Using Linked for your job searches? Your employer may also be monitoring your LinkedIn profile to find out the same in order to take preemptive action. If this sounds like an HR remake of the sci-fi movie Minority Report, you wouldn’t be too far off.
In that movie, Tom Cruise played a detective in the “Precrime Unit.” The unit used psychics (called “precogs”) to make arrests before the crimes were committed. Here, however, the tech-start-up, HiQ Labs collects LinkedIn user data, analyzes it through an algorithm, and sells the analysis to employers to identify which employees may be looking to join a competitor.
According to hiQ Lab’s website, its “Keeper” tool provides organization with “predictive attrition insights about an organization’s employees … [and] turns those attrition insights into consumable, easy-to-deploy action plans so HR and business leaders can retain their key talent.”
But on May 23, 2017, LinkedIn sent hiQ Labs a cease-and-desist letter to stop accessing LinkedIn’s site. LinkedIn further threatened that its continued access would violate the Computer Fraud and Abuse Act, Digital Millennium Copyright Act, and California Penal Code § 502(c) and constitute common law trespass.

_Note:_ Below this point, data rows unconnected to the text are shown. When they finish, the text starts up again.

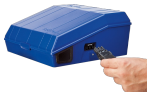
CONNECTION SOCKET FOR LIGHTING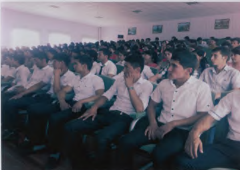
Nam DU Ijtimoiy-iqtisodiy fakulteti talabalarining ilmiy konferentsiyasidan lav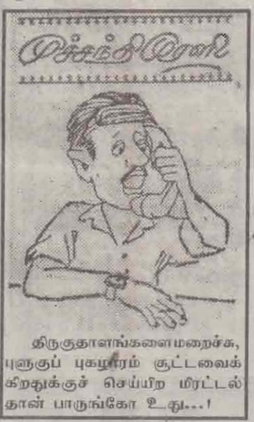
திருகுதாளங்களை மறைச்சு, புதுகுப் புகழாரம் சூட்டவைக்கறதுக்குச் செய்யிற மிட்டல் தான் பாருங்கோ உது...!

தனங்காப்பு, அறுகுவேளிப் பகுதிகளில் நேற்றுக்காலை 8.30 மணி யளவில் கிபிர் விமானத்திலிருந்து குண்டு வீச்சுத் தாக்குதல் நடத்தப்பட்டது. (உ-15-30-139)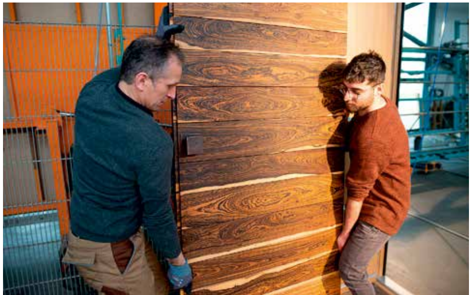
Ausgewählte Materialien, fachliche Präzision und sorgfältigste Bearbeitung machen jede Fenne zu einem ausdrucksstarken Unikat.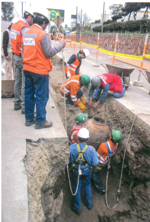
Hallazgo en excavación para tubería de gas

En el caso de encontrarse evidencias culturales subyacentes en el área monitoreada durante el control y supervisión permanente, la recuperación de estas evidencias o “hallazgos fortuitos” se realizará en cumplimiento de las normas y legislación vigente.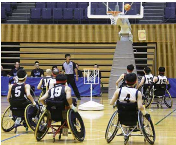
上肢にも障がいがある重度障がい者が参加できるよう考案されたツインバスケットボール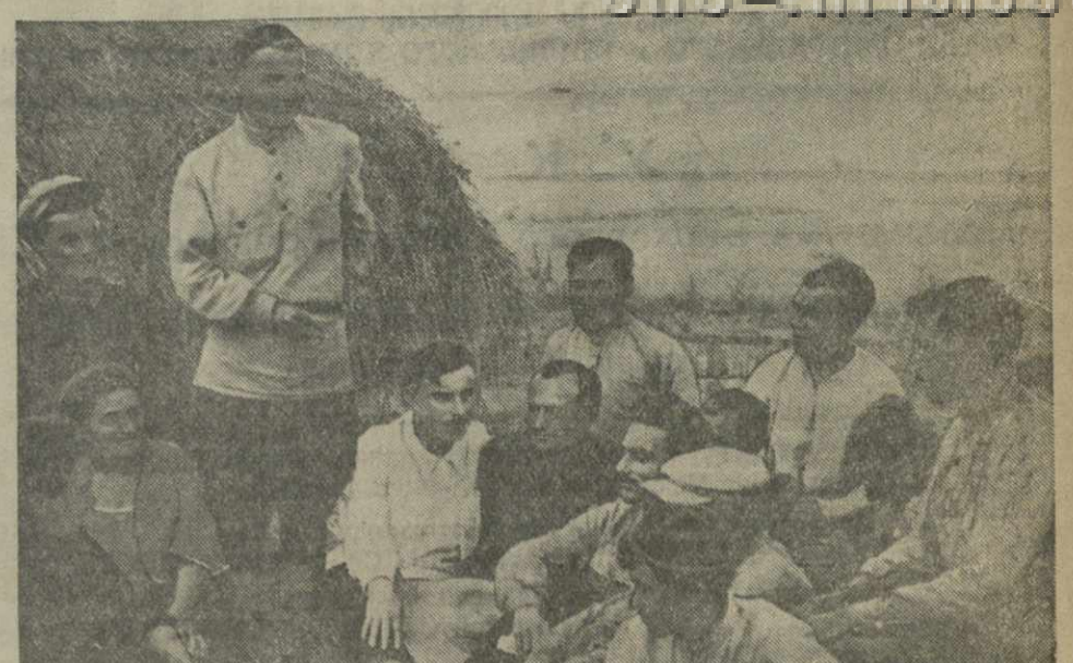
В колхозах Сагареджинского района развернута массово-разъяснительная работа вокруг реализации решений майского Пленума ЦК ВКП(б). На снимке: беседа в перерыве с колхозниками, работающими на уборке урожая в колхозе им. Жданова.

Завтра и послезавтра на инструктивных совещаниях будет наглядно показано, как следует проводить обмер на местах.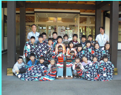
「まいーれ」の前で記念

由利本荘市には、今回のような見学スポットがたく さんあります。由利本荘市の「よさ」を見つけ、他の 地域の人に紹介するためにも、地元のことをよく知っ ておくというのは大事なことだと思います。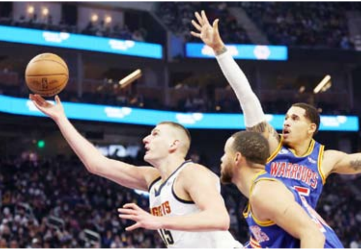
لغة من مباراة دنفر ناغتشس وغولدن ستايت وورييرز

116-124 مع بقاء تسعين ثانية على النهاية، وكان ذلك كافياً لإحباط صاحب الأرش. وعلق مساعد المدرب ديفيد فيز دايل الذي يشرف على الفريق للمباراة الخامسة توالياً بسبب وجود المدرب فرانك فوغل في الحجر الصحي، على ما شاهدته من فريقه قائلاً «أن نقاتل معاً بهذه الطريقة وأن ننهي المباراة بالطريقة التي أنهيناها مع ما حققه معاً لبيرون ورأس (وستبروك)... أعتقد أن ذلك كان خطوة كبيرة نحو الإمام».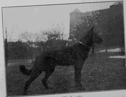
Lux, fjärde pris.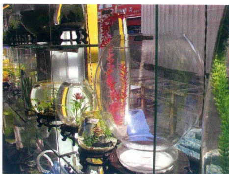
配置底座的多种艺术缸

However, hiQ Labs preempted LinkedIn’s threatened litigation and sued for declaratory relief in California District Court. The suit, a copy is available here (hiQ Labs v Linked (PDF), essentially says, everything LinkedIn threatened is a certain waste product from a bull’s digestion system. Or if you prefer a more legalistic and euphemistic explanation:
hiQ seeks a declaration from the Court that hiQ has not violated and will not violate federal or state law by accessing and copying wholly public information from LinkedIn’s website. hiQ further seeks injunctive relief preventing LinkedIn from misusing the law to destroy hiQ’s business, and give itself a competitive advantage through unlawful and unfair business practices and suppression of California Constitutional free speech fair guarantees.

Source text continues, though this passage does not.